L’Associazione si è messa volentieri a disposizione delle autorevoli istituzioni che hanno auspicato queste finalità per l’utilizzazione del bene confiscato ed è stata l’unica a partecipare al bando del Comune. C’è stato il preavviso di assegnazione ma non ancora la consegna avendo Casa Rosetta chiesto al Comune di rimuovere alcune condizioni di criticità e di vulnerabilità dell’immobile emerse e verbalizzate nel corso di un sopralluogo in dicembre.

L’Associazione fondata a Caltanissetta quasi quarant’anni fa dal benemerito e compianto don Vincenzo Sorce opera sul fronte delle dipendenze da droga e altro con tre comunità terapeutiche, e sul fronte della disabilità e della marginalità sociale con quattro centri di riabilitazione e con otto comunità alloggio nel Nisseno e in altre parti di Sicilia e d’Italia. A Gela, Casa Rosetta ha proposto la realizzazione di un centro di ascolto e di aggregazione giovanile (su modelli già sperimentati in varie città) per intervenire non soltanto nelle aree del potenziale o già manifesto disagio psicologico adolescenziale e delle dipendenze patologiche da droghe e comportamentali. Il progetto di Casa Rosetta prevede attività ludico-ricreative e di doposcuola, iniziative di educazione e promozione della salute e dell’affettività con l’obiettivo di sviluppare le abilità sociali e potenziare le abilità di vita, azioni di integrazione sociale e di sostegno contro la marginalità sociale e la povertà educativa e la dispersione scolastica.

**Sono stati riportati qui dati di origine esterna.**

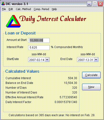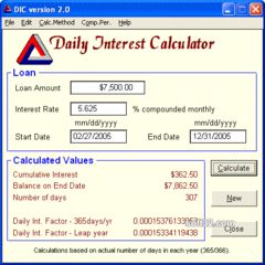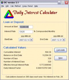 Calculate accumulated daily interest, remaining balance and number of interest days on a loan or deposit over a selectable period. Selectable compounding period. Selectable calculation method, Equivalent Interest Rate Calculator included for determining effective rates anddaily interest factors, nice printouts with or without your own banner, help in compiled HTML format with links to more web based applications. Real freeware. No spyware, adware or viruses. Go to: www.mw-plus.com/dic.html

Casa Rosetta è una onlus (che non distribuisce utili ai soci, né indennità agli amministratori) con quasi quarant’anni di storia e di impegno documentato nel sociale al servizio di persone fragili, emarginate, in situazione di vulnerabilità o di bisogno, e con questa proposta di progetto non ha inteso perseguire alcuna propria utilità, economica o altra; anzi, ha messo in conto di sopportare costi con le proprie economie di gestione, e di impegnare alcune delle professionalità (psicologo, sociologo, educatore professionale, assistente sociale) già operanti in Associazione. La motivazione di questo impegno è nelle finalità statutarie e nello spirito di Casa Rosetta: l’ascolto e il sostegno di persone fragili, emarginate, in situazione di disagio, mettendo al centro dell’attività associativa la persona, la sua integralità, la relazione di “prossimo”. Tutto questo l’Associazione ha progettato di fare anche a Gela con l’intenzione non di “colonizzare” ma di operare in stretta collaborazione con la città mettendo a disposizione le proprie competenze e le proprie esperienze. E ha subito avviato contatti con esponenti del volontariato di Gela, con il laicato cattolico organizzato, con alcuni parroci, con il mondo della scuola (con il sindaco era stata già concordata una riunione con i dirigenti scolastici), con i gruppi scout, con società sportive impegnate nelle attività giovanili (perché il terreno di pertinenza della villa in assegnazione è sufficientemente ampio anche per realizzare un campo sportivo e/o altri impianti). A conclusione di questi contatti Casa Rosetta aveva in programma la costituzione di un’Associazione temporanea di scopo per formalizzare anche giuridicamente le sinergie. Queste prospettive diventano inevitabilmente più lontane dopo l’incendio doloso e i gravissimi danni (che richiederanno al Comune interventi di remissione molto onerosi e lunghi) e le pesanti criticità’.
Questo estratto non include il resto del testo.